Keywords: Staphylococcus aureus, bovine mastitis, PFGE, MLST, inter-species transmission
Introduction
Staphylococcus aureus is a versatile pathogen responsible for a variety of infections in humans and animals (Hata et al., 2008). In humans S. aureus is responsible for a number of conditions ranging from superficial skin infections to life-threatening diseases, such as endocarditis and hemolytic pneumonia (Lindsay and Holden, 2004). Additionally, through the production of toxins, S. aureus can cause specific toxin-mediated conditions, such as scalded skin syndrome, staphylococcal food poisoning and toxic shock syndrome (Becker et al., 2015). In animals, S. aureus is a common etiological agent of mastitis, an infectious disease condition responsible for significant financial losses to dairy farmers worldwide (Petrovski et al., 2006; Fitzgerald, 2012).

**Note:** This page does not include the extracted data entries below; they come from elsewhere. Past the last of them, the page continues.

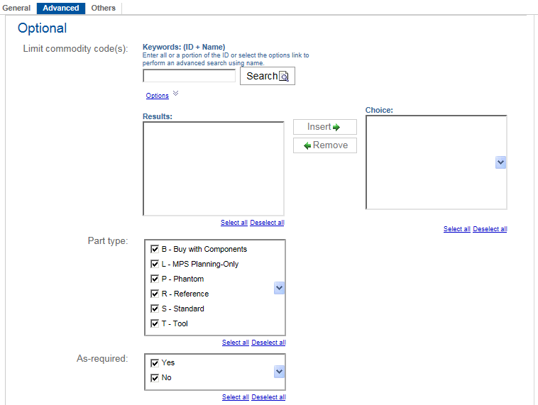 Select the option to indicate which component parts you want to include on this report, based on whether or not the quantity per component part is flagged as "as required," since it would not be practical to specify the exact quantity for this part. Selecting No will include component parts whose exact quantity has been specified. Both options are selected by default. |
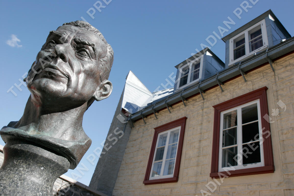 Canada, Quebec City, Lower Town, Rue du Sault au Matelot, memorial bust, painter Jean Paul Lemieux,
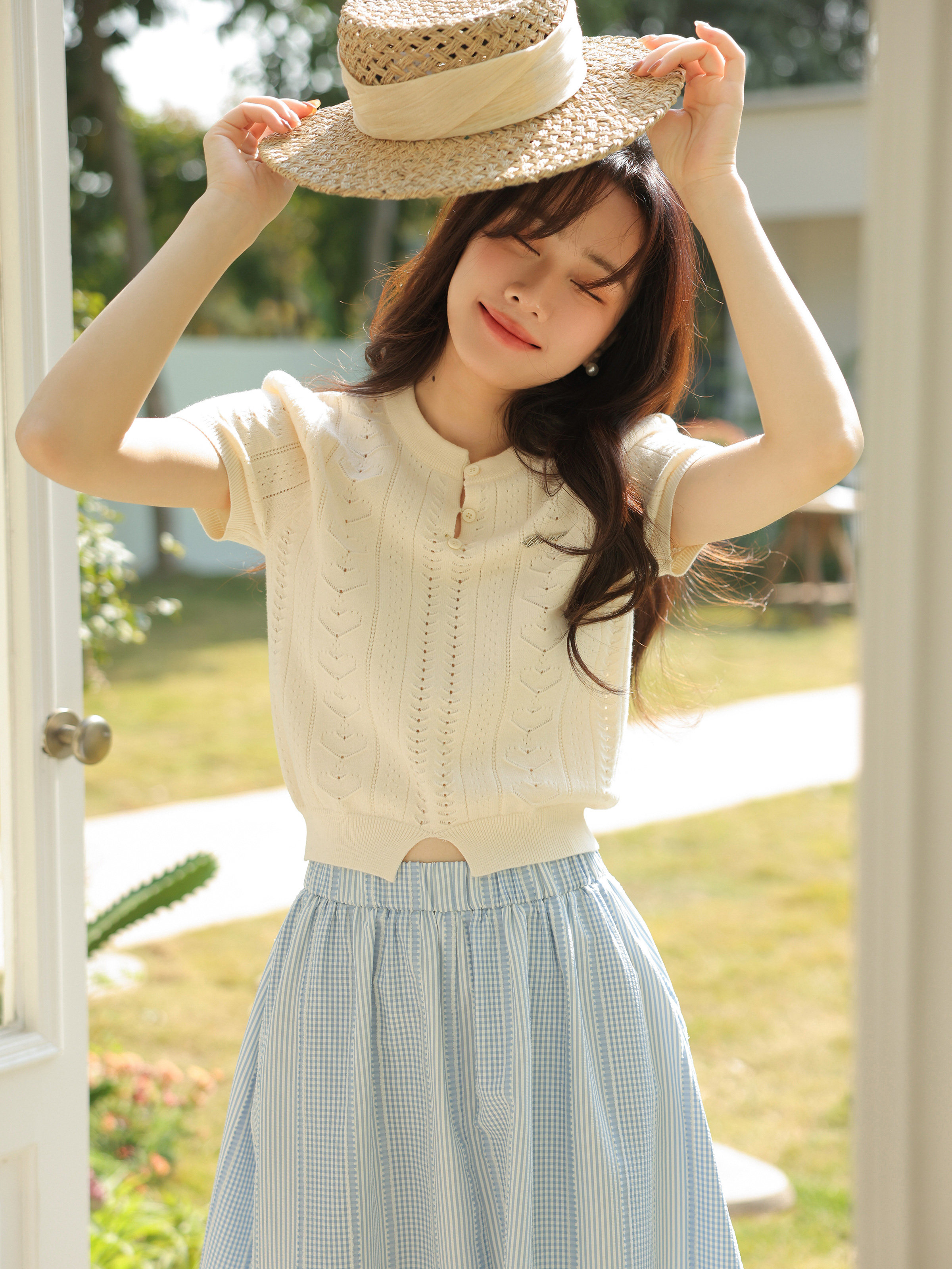 | Цвет: | Кремовый абрикосовый топ, Светло -голубая юбка для пледа, Юбка, подходит для подростков |
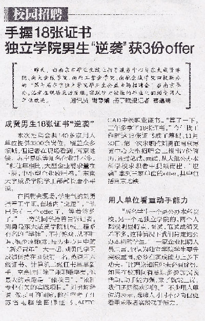 在招聘会现场,学生气的刘勇挂着工作证,在场内“巡逻”。“他已经有三个offer了,等着签约了。”一旁的同学抢着告诉记者。刘勇是东大国产视频 机械工程系有名的“学神”。不打游戏、从不旷课、很少睡懒觉,是男生心目中的“新好青年”。大一起,刘勇的学习成绩保持在班级前三名,英语四六级证书、计算机二级证书早早到手,空余时间除了兼职赚学费,他最大的乐趣是“做项目”,“做和专业有关的实践项目。”刘勇解释说,做项目的间隙,他抽空考了江苏省电脑绘图师证书、AUTO CAD中级职业证书。“算了一下,三年多拿了18张证书。”今年找工作时这18张证书成了筹码。11月20日,第一次求职的刘勇在南京博览中心大型招聘会上投出7份简历,通过笔试、面试,从大批公办本科学校求职者中脱颖而出,“逆袭”拿到三家单位的offer,其中包括南京地铁。
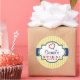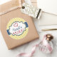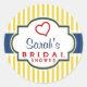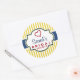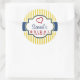 Pegatina Redonda Azul, rojo oscuro, rayas amarillas ducha de novia
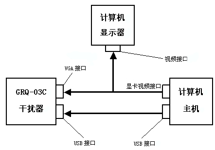 1 when the "GRQ-03C computer related interference" and the protection of computer connection, the video signal cable plug and plug in the video signal cable plug and plug in the special video adapter cable DB15 head, the special video adapter cable, the other DB15 head inserted in the computer graphics card, special video adapter cable USB head inserted in the VGA interface, and then connected to the computer USB interface and interfering with USB.
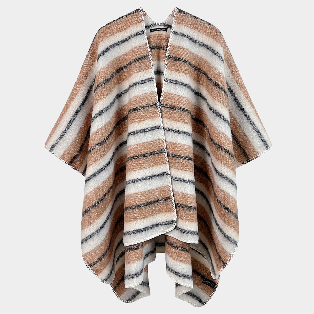 Cozy Striped Three Tone Ruana Poncho
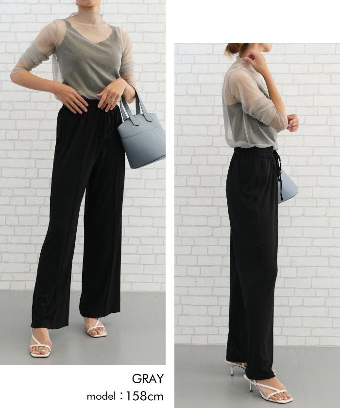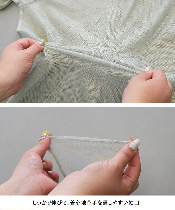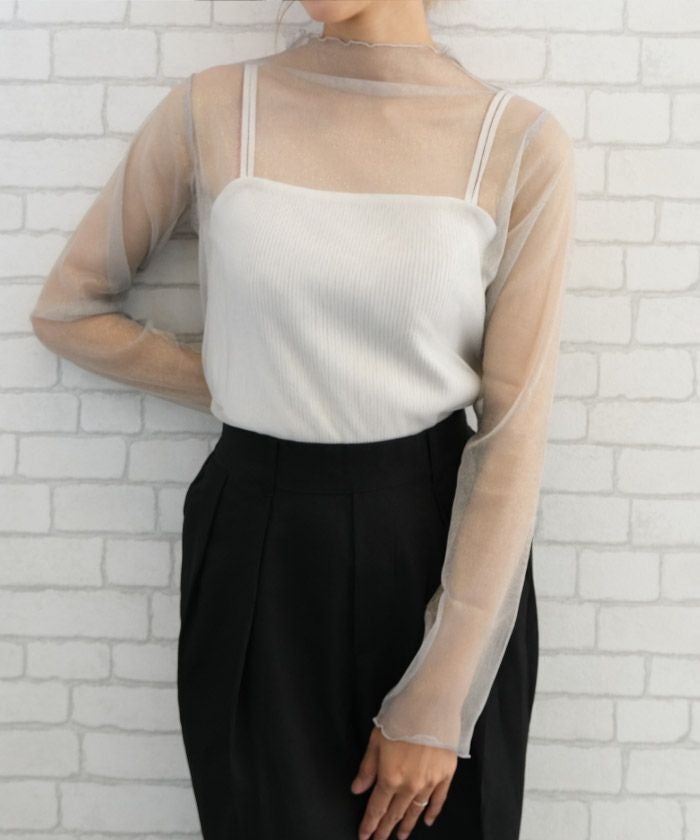 • 首元、袖口、裾部分がメロー仕上げのラメシアートップス
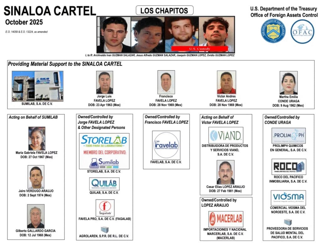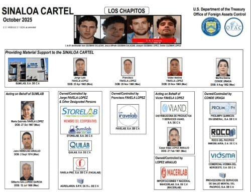 La Oficina de Control de Activos Extranjeros (OFAC, por sus siglas en inglés) señaló que cuatro hermanos de la familia Favela López —Víctor Andrés, Francisco, Jorge Luis y María Gabriela— están al frente de una red empresarial dedicada a operar compañías químicas en México. Estas empresas estarían involucradas en la cadena de producción del potente opioide, en beneficio de la facción del Cártel de Sinaloa liderada por los hijos de Joaquín «El Chapo» Guzmán.
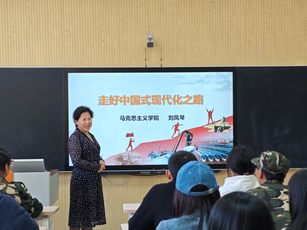 讲座围绕三个方面展开:一是中国式现代化的探索;二是中国式现代化的特征;三是中国式现代化的本质要求。刘凤琴研究员用具体形象生动的实例,深入浅出的将中国式现代化的特征和本质要求做了详细分析阐释,帮助学生充分认识到中国式现代化与西方现代化的本质区别,世界上既不存在定于一尊的现代化,也不存在放之四海而皆准的现代化标准,一个国家,一个民族,只有找到适合自己条件的道路,才能实现自己发展的目标。十八大以来,党成功推进和拓展中国式现代化,中华民族伟大复兴进入不可逆转的历史进程。

The success of S. aureus as a pathogen is attributable, in part, to the diverse range of virulence factors produced (Gordon and Lowy, 2008). The virulence factors facilitate the invasion and colonization of host tissue, evasion of the hosts' immune defence mechanisms, aid in acquisition of nutrients and dissemination of the bacteria within the host tissue (Ferry et al., 2005; Haveri et al., 2008). Among the vast array of virulence factors produced are numerous enzymes and cytotoxins, such as coagulase, collagenase, exfoliative toxins, hemolysins, hyaluronidase, leukocidins, lipases, nucleases and staphylokinase (Smeltzer et al., 2009). Most S. aureus strains are able to produce one or more pyrogenic toxin superantigens (PTSAgs) which includes staphylococcal enterotoxins and the structurally related protein, toxic shock syndrome toxin-1 (TSST-1) (Wright and Novick, 2003). All of these toxins exhibit superantigenic activity by interacting with antigen-presenting cells and T-lymphocytes irrespective of the antigen specificity of the cells (Akineden et al., 2001; Argudín et al., 2010). This interaction leads to a massive proliferation of T-cells and the uncontrolled release of pro-inflammatory cytokines that can lead to clinical signs in the host that include, fever, hypotension and shock (Plata et al., 2009; Argudín et al., 2010). The production of enterotoxins is particularly significant from a public health standpoint as the ingestion of preformed toxins is a major cause of food poisoning worldwide (Le Loir et al., 2003; Srinivasan et al., 2006). The expression of most staphylococcal virulence factors occurs in a co-ordinated manner and is strictly controlled by a series of regulatory genes which operate under the control of the accessory gene regulator (agr) (Ben Ayed et al., 2008; Lowy, 2013).
Staphylococcus aureus is a contagious mastitis pathogen with the milk from infected mammary glands serving as the primary reservoir of the bacterium which may be transferred to other animals in the herd during milking (Capurro et al., 2010). Several epidemiological studies have suggested that a few specialized S. aureus strains are responsible for the majority of bovine intramammary infections (IMIs) worldwide (Kapur et al., 1995; Zadoks et al., 2002; Sakwinska et al., 2011; Budd et al., 2015). However, the occurrence of herd-specific strains has also been reported (Joo et al., 2001; Sommerhäuser et al., 2003; Rabello et al., 2007; Oliveira et al., 2011). Moreover, it has been demonstrated that different strains are associated with different clinical outcomes in the host including severity and persistence of infections and response to antimicrobial treatment (Haveri et al., 2005, 2007; Lundberg et al., 2014). A better understanding of the epidemiology, including transmission and virulence characteristics of S. aureus strains may assist with the development of strategies to control the spread of the bacterium within herds (Haveri et al., 2005, 2008).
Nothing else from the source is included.